Requirement: When you reach the line that contains "Кићење невесте у Страњанима" in the data below, start reproducing lines exactly, and stop after the line that contains "П ромењене друштвено".

Input records:
####################
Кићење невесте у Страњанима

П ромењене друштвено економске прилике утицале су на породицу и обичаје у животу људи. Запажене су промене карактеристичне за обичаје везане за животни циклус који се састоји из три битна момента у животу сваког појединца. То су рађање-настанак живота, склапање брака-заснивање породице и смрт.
####################
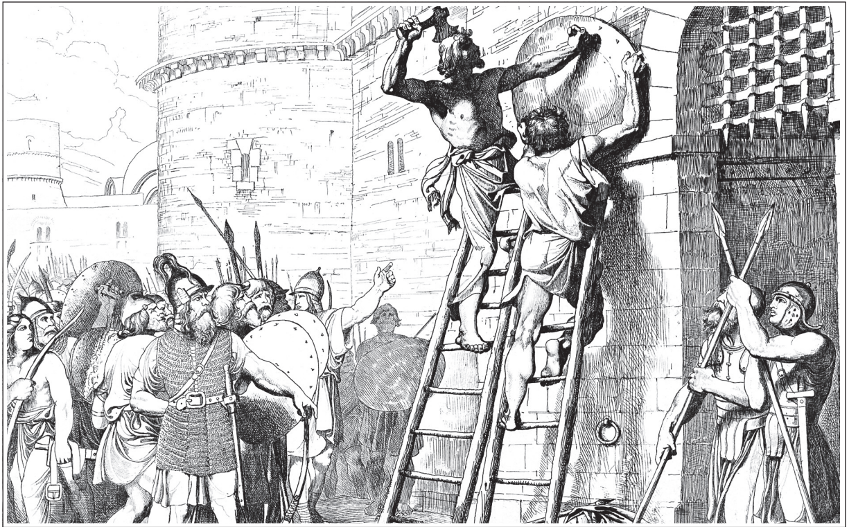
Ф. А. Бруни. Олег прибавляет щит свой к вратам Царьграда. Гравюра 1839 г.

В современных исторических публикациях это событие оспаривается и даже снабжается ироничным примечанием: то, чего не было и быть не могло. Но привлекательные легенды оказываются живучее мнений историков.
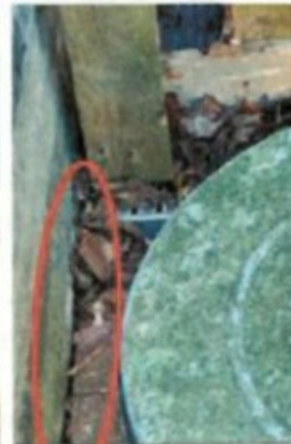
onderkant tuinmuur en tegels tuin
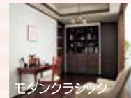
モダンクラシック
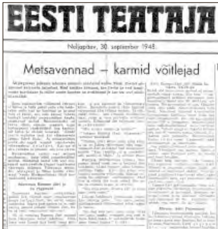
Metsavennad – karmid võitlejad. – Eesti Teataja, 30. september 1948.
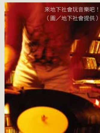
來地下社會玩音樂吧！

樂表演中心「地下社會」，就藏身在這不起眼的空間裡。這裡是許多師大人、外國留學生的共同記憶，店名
####################
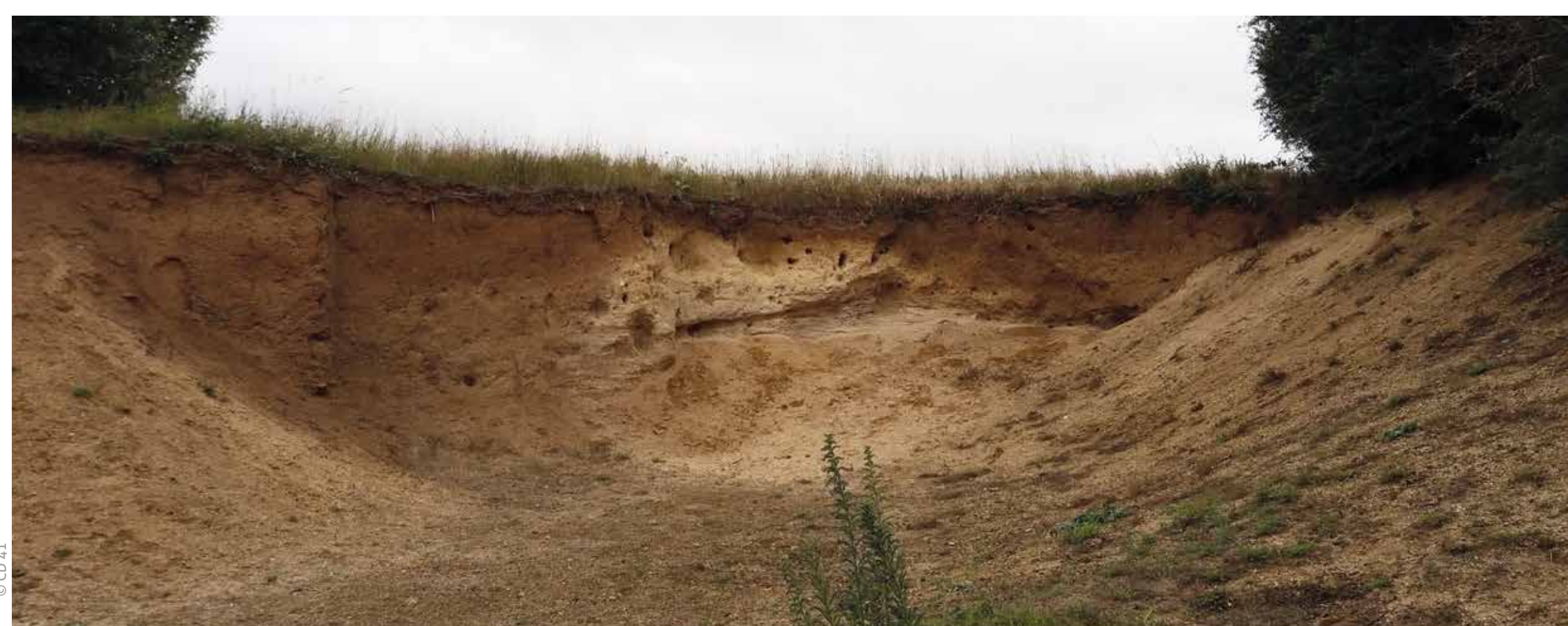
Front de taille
####################
Written solution:
Кићење невесте у Страњанима

П ромењене друштвено економске прилике утицале су на породицу и обичаје у животу људи. Запажене су промене карактеристичне за обичаје везане за животни циклус који се састоји из три битна момента у животу сваког појединца. То су рађање-настанак живота, склапање брака-заснивање породице и смрт.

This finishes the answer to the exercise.